Decomposing grouped convolutions doesn't result in speed up

Let’s say I have a model with convolutional layers that look like this:

conv_full = nn.Conv2d(in_channels, out_channels, kernel_size=(5, 5), padding=2, stride=1, bias=True)

In order to speed up the model one can try decomposing these convolutional layers into two consequent layers with kernel sizes (1, 5) and (5, 1) respectively.

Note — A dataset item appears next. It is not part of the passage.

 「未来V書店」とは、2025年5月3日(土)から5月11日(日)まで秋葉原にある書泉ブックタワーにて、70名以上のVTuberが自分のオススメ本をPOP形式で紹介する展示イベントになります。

So each layer would look somewhat like this:

conv_decomposed = nn.Sequential(
  nn.Conv2d(in_channels, in_channels, kernel_size=(5, 1), padding=(2, 0), stride=(1, 1), bias=True),
  nn.Conv2d(in_channels, out_channels, kernel_size=(1, 5), padding=(0, 2), stride=(1, 1), bias=True)
)

And it actually speeds up the model, I get almost 1.5x speed up as a result.

But when I introduce groups argument (equal to in_channels) into every layer, the decomposed version of this grouped convolution works slightly slower than the regular (5x5) grouped convolution.

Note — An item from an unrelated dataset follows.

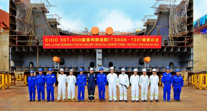 為韓國CIDO SHIPPING建造的30.7萬(wàn)噸超大型原油船130號船提前年度計劃12天實(shí)現鋪底節點(diǎn),進(jìn)入塢內合攏階段。
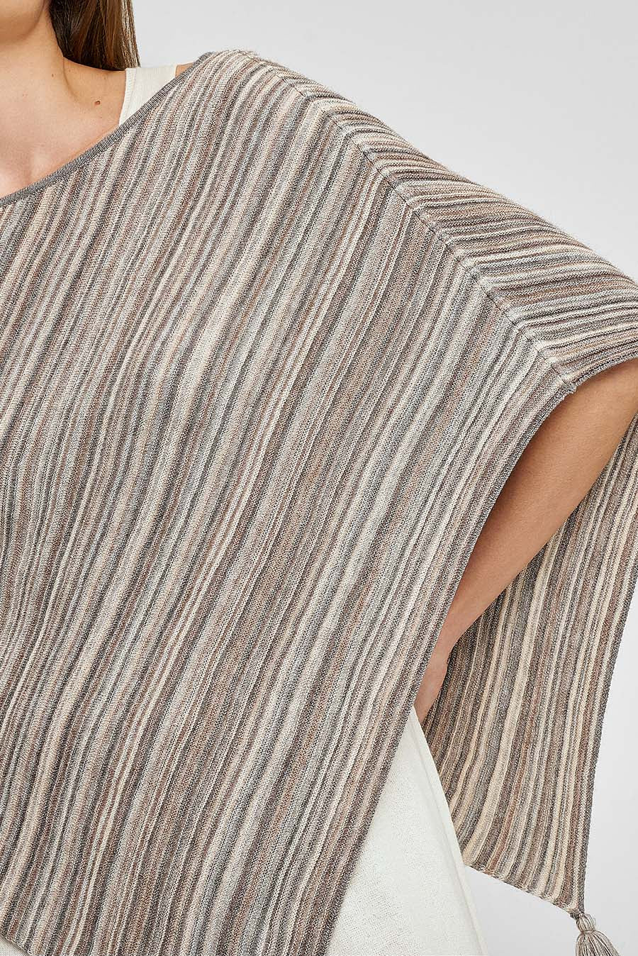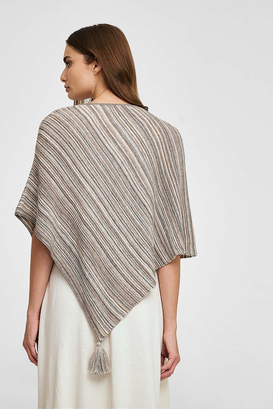 The excellent quality of our materials enriches the essential style of this poncho made of baby alpaca and organic cotton. At the bottom of the garment stands out a woven detail that runs all around the ring of the poncho, giving it a sophisticated touch. | Predominant material: Cotton & Baby Alpaca

The regular one looks like this:

conv_full = nn.Conv2d(in_channels, out_channels, kernel_size=(5, 5), padding=2, stride=1, bias=True, groups=in_channels)

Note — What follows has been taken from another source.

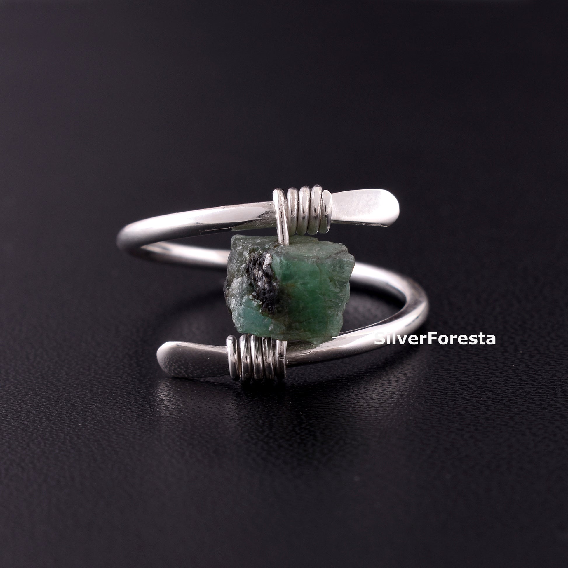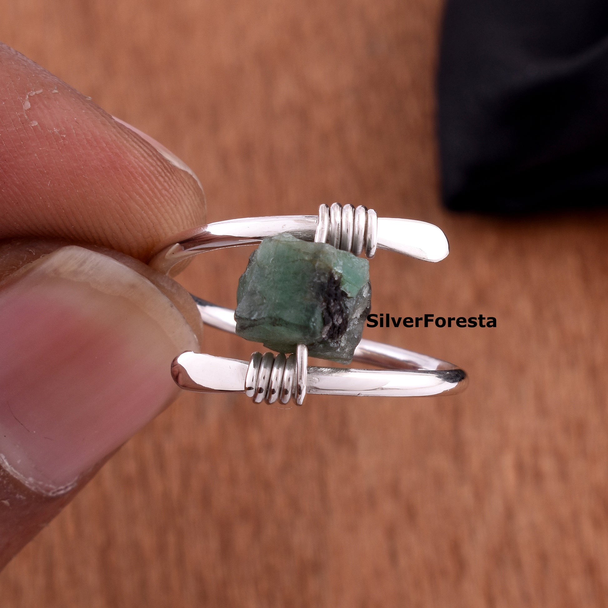 Natural Raw Emerald Ring, Sterling Silver Ring, Rough Genuine Emerald Jewelry, Dainty Ring, May Birthstone Ring, Gemstone Ring, Gift Her.

And the decomposed one like this:

conv_decomposed = nn.Sequential(
  nn.Conv2d(in_channels, in_channels, kernel_size=(5, 1), padding=(2, 0), stride=(1, 1), bias=True, groups=in_channels),
  nn.Conv2d(in_channels, out_channels, kernel_size=(1, 5), padding=(0, 2), stride=(1, 1), bias=True, groups=in_channels)
)

It seems a bit counter-intuitive and not what I expected from it due to the fact that the number of operations is still lower for the decomposed layer.
Is it supposed to work like this? And what might be the reason for this behaviour?

Grouped convolutions (at least before, can’t tell about current state) lacked the level of optimization compared to regular convolutions.

1 Like

I forgot to mention that grouped convolutions in my example work faster than the regular ones. Both for decomposed and non-decomposed cases.
But anyway, so is the reasonable explanation a low-level implementations of the convolutions? I need to also note that I received such results on CPU, not GPU. Can it depend on the hardware it runs on?
Can it also depend on the framework?

Primarily it depends on kernel, but hardware can affect this too. For example MKL-DNN done by Intel, so one would expect better perfomance on Intel CPUs. You can use torch.profiler to estimate performance difference.

1 Like